Make a square of side x, and put 4 y by z rectangles around it like a ‘windmill’ (precise arrangement details are in the earlier link if you are confused).
Now our involution:
There’s often a different way to cut the shape into a central square surrounded by rectangles.
The only way to have a fixed point is for the area to be a big square with four squares removed. This will leave a square behind, along with four long rectangles. If x=y, then p = x(x+4z), but then since p is prime, x must be 1 and p must be x+4z = 1 + 4z. So for p = 4k + 1, we can make the fixed point (1,1,k), which is unique. Thus there is at least one fixed point of the swapping map, so we can write p as a sum of two squares.
1: Generalizing:
The lemma that is not Burnside’s (which, incidentally, was what initially enticed me into learning group theory) states that if you have a finite group G acting on a finite set X, then the number of orbits equals the average number of fix points of g (averaged over G).
That is, |X/G| = 1/|G| \sum_g |X^g| (if you know representation theory: this is also the number of copies of the trivial representation in the permutation representation, because the projection to the trivial representation is 1/|G| \sum_g g, and this gives a vector parallel to \sum_{x in O} e_x for every orbit O, and these are linearly independent for to different orbits).
Thus, |G| |X/G| = \sum_g |X^g|. If we take this mod n for t = |G|, we’ll get 0 = \sum_g |X^g| mod n, or in other words the sum of the number of fixed points for each g must divide n.
The fixed points of the identity are everything, so \sum_{g ≠ e} |X^g| = -|X| mod n
If we have an involution, then we have a Z/2Z action, and that’s why the parity must be the same.
2: A trick: Say we have a finite degree field extension E of K, and a group of field automorphisms of E that fix K. Then not only do we have a represention on E thought of as a vector space/module over K, but we also have a representation on the abelian group of units E^× under multiplication thought of as a Z-module.

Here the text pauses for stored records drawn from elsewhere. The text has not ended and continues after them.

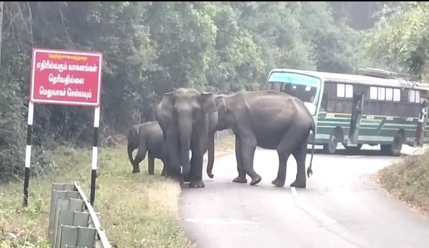 ತಮಿಳುನಾಡು ಸತ್ಯಮಂಗಲಂ ಹುಲಿ ಸಂರಕ್ಷಿತ ಪ್ರದೇಶಕ್ಕೆ ವ್ಯಾಪ್ತಿಯ ಹಾಸನೂರು ಬಳಿಯ ಮಾವಳ್ಳಂ ವಿಭಾಗದ ರಸ್ತೆಯಲ್ಲಿ ತಮಿಳುನಾಡಿನಿಂದ ಬಂದ ಸರ್ಕಾರಿ ಬಸ್ ನ್ನು ಆನೆಯ ಹಿಂಡೊಂದು ಅಡ್ಡಗಟ್ಟಿದ ಪರಿಣಾಂ ಕೆಲಕಾಲ ಬಸ್ ಹಾಗೂ ಇನ್ನಿತರ ವಾಹನಗಳ ಸಂಚಾರಕ್ಕೆ ಅಡ್ಡಿಯಾಗಿತ್ತು.
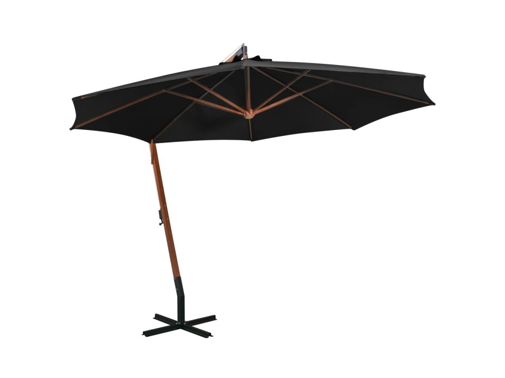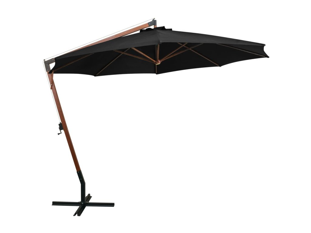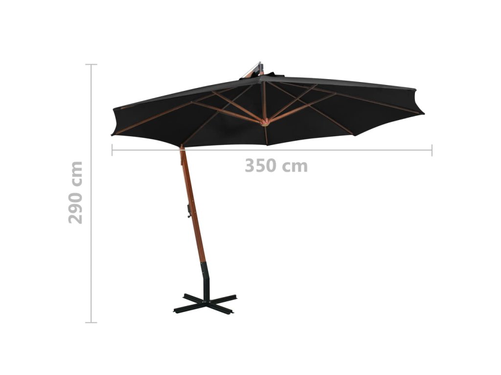 Závěsný zahradní slunečník s tyčí černý 3,5 x 2,9 m masiv jedle 313772
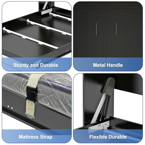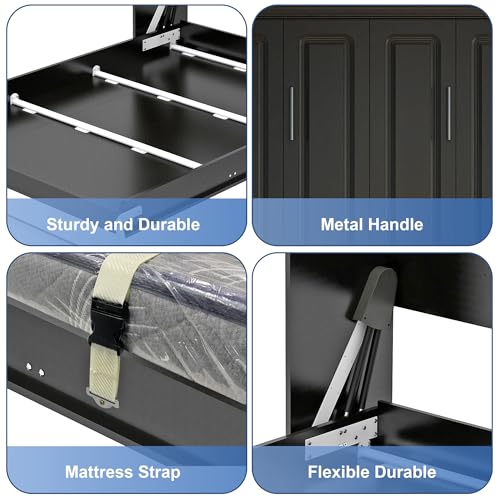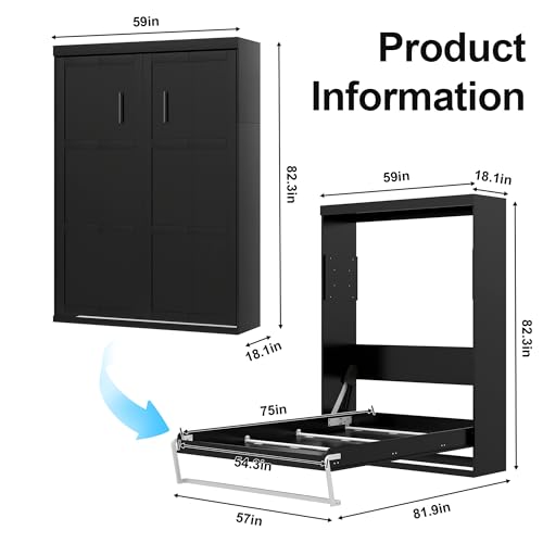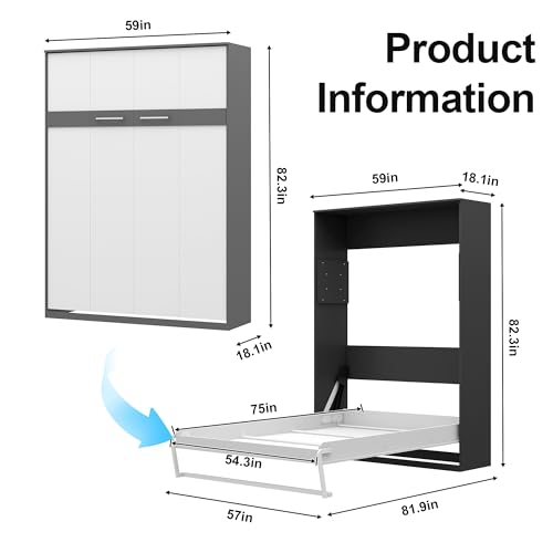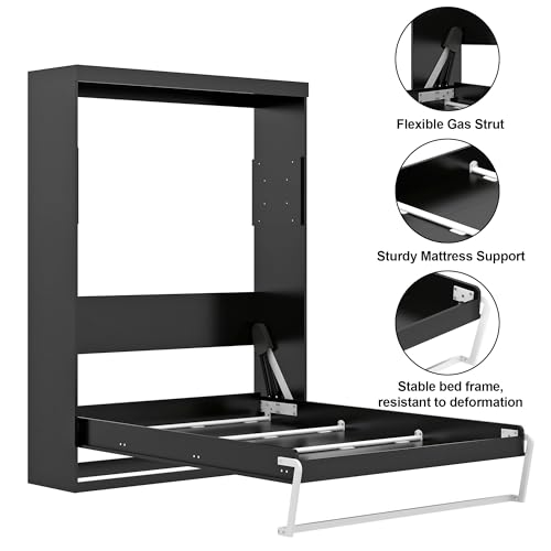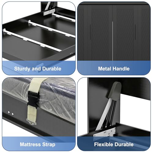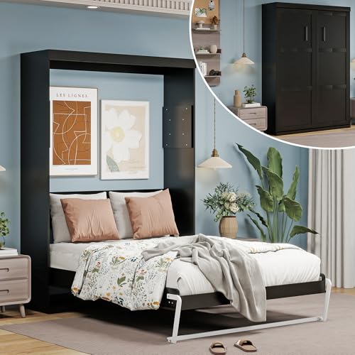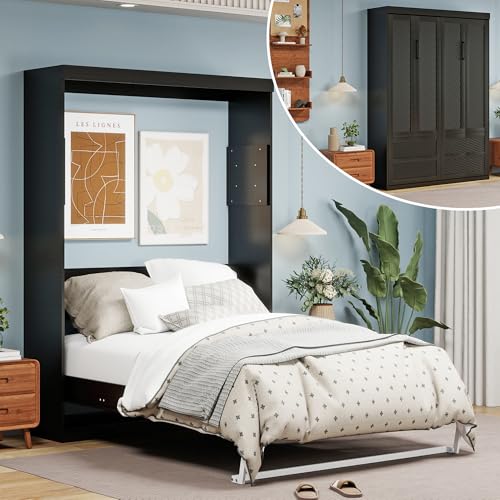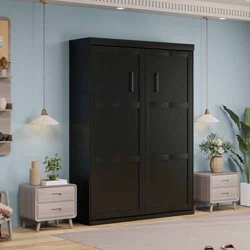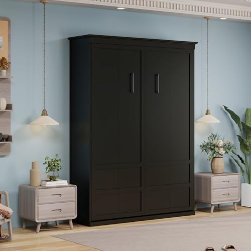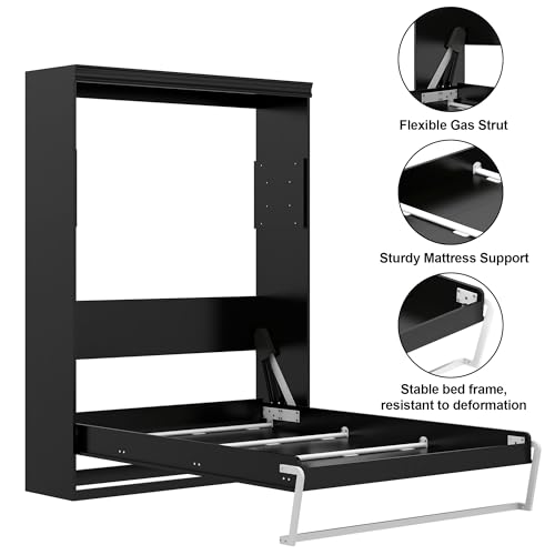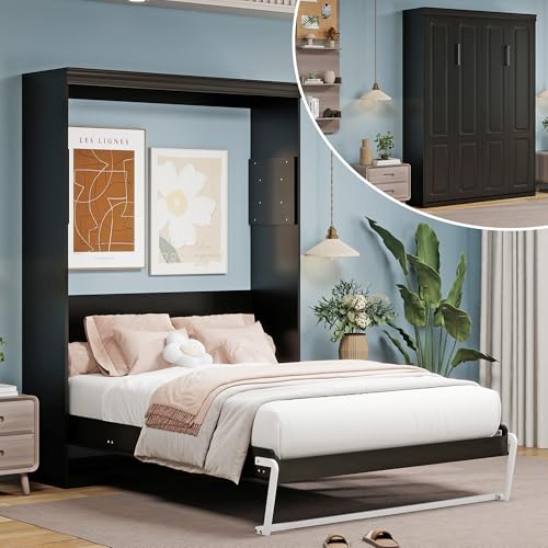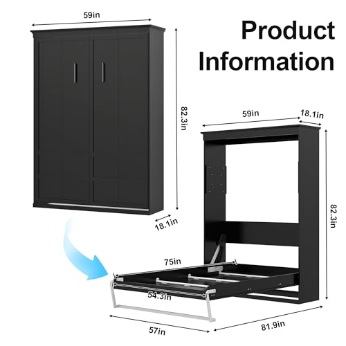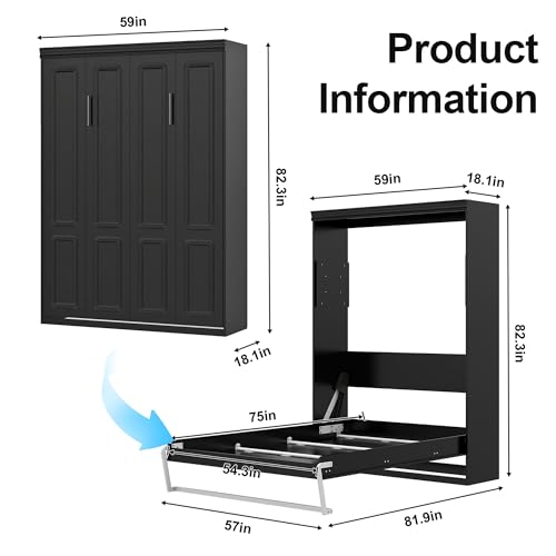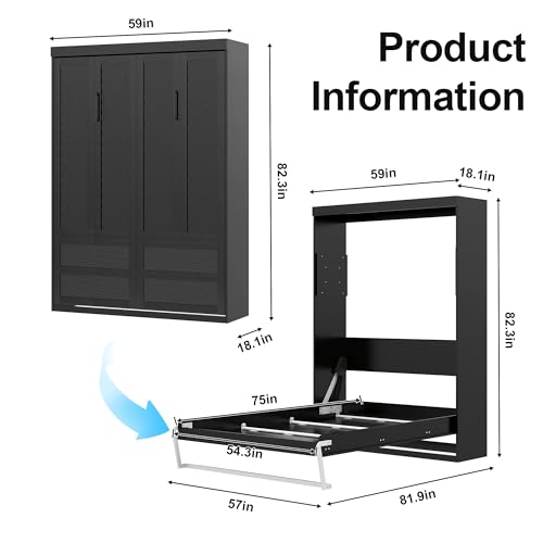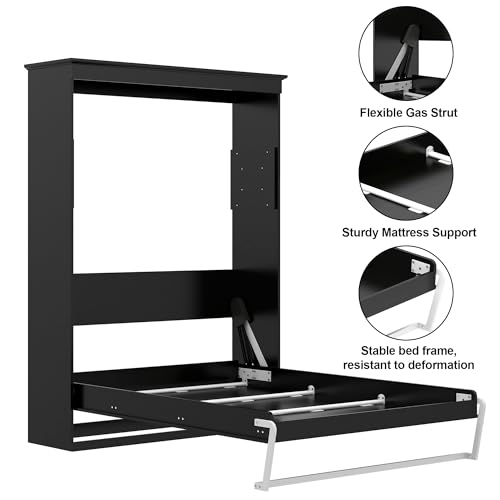 Black Wood Full Size Murphy Bed, Murphy Bed Full Space-Saving Wall Beds, 59'' Sleeping Arrangement for Multipurpose Area/Bedroom/Guest Room/Living Room, Pull Down Bed from Wall

So we can do things like map to the copies of an irreducible representation τ via p = \sum_g χ_τ(g^{-1}) g, and then also project to the trivial representation via the product \prod_g g. The copies of the trivial representation will form the fixed field of the group; so if the fixed field is K then we know we are in K.

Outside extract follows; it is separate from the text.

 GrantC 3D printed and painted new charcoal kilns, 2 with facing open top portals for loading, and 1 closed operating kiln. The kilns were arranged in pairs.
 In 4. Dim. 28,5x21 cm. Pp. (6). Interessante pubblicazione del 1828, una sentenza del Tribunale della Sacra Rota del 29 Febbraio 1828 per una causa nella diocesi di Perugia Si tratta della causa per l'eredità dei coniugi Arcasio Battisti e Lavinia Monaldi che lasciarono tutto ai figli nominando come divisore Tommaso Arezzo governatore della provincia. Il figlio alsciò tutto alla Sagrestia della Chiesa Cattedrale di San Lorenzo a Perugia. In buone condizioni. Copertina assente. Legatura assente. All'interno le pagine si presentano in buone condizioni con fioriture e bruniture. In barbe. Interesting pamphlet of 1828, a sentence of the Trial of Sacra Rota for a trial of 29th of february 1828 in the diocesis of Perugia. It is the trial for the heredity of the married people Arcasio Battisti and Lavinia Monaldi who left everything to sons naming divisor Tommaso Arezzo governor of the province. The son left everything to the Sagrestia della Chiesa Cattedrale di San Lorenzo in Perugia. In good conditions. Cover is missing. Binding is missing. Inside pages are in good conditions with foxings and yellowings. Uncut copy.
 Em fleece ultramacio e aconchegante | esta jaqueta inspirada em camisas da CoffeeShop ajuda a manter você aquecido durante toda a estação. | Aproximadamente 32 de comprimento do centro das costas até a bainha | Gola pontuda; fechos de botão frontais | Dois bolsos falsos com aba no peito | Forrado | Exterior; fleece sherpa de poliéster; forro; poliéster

Important special case: if the group is abelian then the irreducible characters are homomorphisms (because the irreducible representations are one dimensional and so the trace is just literally basically the same as the matrix), and so h p α = χ_τ(h)^{-1} p α. So for example if the galois group is cyclic of order n, we can take τ as the representation that scales by ζ where ζ is some primitive nth root of unity that we assume the base field has; then this reads g^k pβ = ζ^k pβ for generator of the field extension β. This then means that if pβ ≠ 0 then it isn’t fixed by any subgroup. Since getting 0 would mean it’s zero on any element, we’d then have a linear dependenc of n-1 basis vectors, which is impossible. Now \prod_k g^k pβ is fixed and so is in K, and specifically must equal (\prod_{k=0}^{n-1} ζ^k) (pβ)^n; which is just p β because the roots of unity multiply to 1 (since you have 1 + n-1 = n, 2 + n −2 = n, etc. around the circle). So the point is that (pβ)^n must be equal to some element in K, yet the earlier powers can’t have been because then we’d have a smaller degree field extension and thus smaller degree galois subgroup; thus we have a radical extension of degree n, with pβ generating the field E over K.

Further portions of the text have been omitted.